You may or may not, (if you've known me for less than half a minute) be surprised to find out that I am a procrastinator. I run with the big dogs on this particular character trait. My ability to pull things off at the last minute is a bit like magic. I just repeat to myself my magic words, “fill in undesirable task du jour will get done; it always does.” Poof! It always does.
Why I don't get into trouble more often is beyond me. Perhaps, it's the fact that I am well aware that I am in charge of the choices I make, and therefore have to adjust to any consequences of said choices. Problem is, since I've become visually impaired I am realizing the importance of planning and preparation in one's daily routine. Procrastination is no longer even an option in most facets of my life.
All the plans I have to have in place just to leave the house each morning for work is incredibly aggravating. and frustrating. I have to know who is taking Emy to daycare, who is taking me to work, who is picking me up from work, what time & where will pick up occur, who will help pick E up from daycare, who will take me to grocery store because we ran out of milk, again? ARGH! The list just goes on and on. What I wouldn't give for a little spontaneity.
Because I rely on so many wonderful people, so frequently, I have stopped doing things for myself. I rely on no fewer than 10 people each week for assistance with crucial transportation needs. Work, daycare, doctor appointments. I am uncomfortable with the amount of scheduling currently required to pull that off each week.

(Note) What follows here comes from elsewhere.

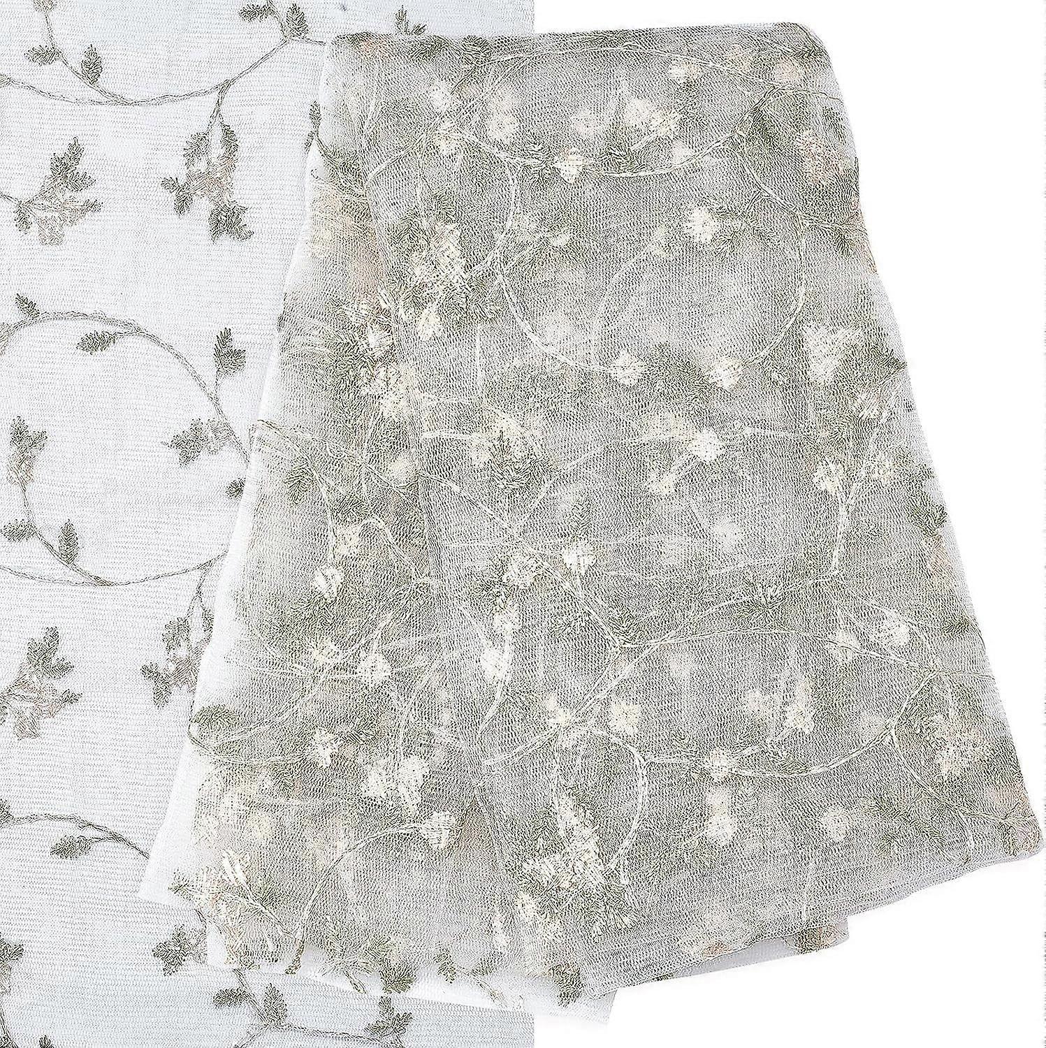 53.5" Floral Embroidered Lace Fabric, White Mesh Applique Trim for Party Dress, Skirt, DIY Sewing Crafts, Clothing Embellishments

It is too much for me (and the lovelies who transport me) to add frivolous destinations into the mix like Target or the Y. Along these same lines, I no longer make movies, restaurants, libraries, coffee shops, or malls places I frequent occasionally, or ever.
This deprivation state I entered into when I began working apparently had one other domain that it affected greatly. The time I spent writing has also greatly diminished.
I am well aware that as a working mom I should not just be attempting to balance my kid and my job, but my husband (yes, I still have one of these) and myself. However, in my current mind set and experience, adding accommodations for a vision impairment to that mix weights the "Have to"s a lot heavier than the "Want to"s.
Don’t get me wrong. I have absolutely no desire to be a martyr. I am just a visually impaired woman trying to figure out how to balance motherhood, a teaching career, and a husband, all the while hoping to make time for writing, yoga, and the occasional cocktail with girlfriends.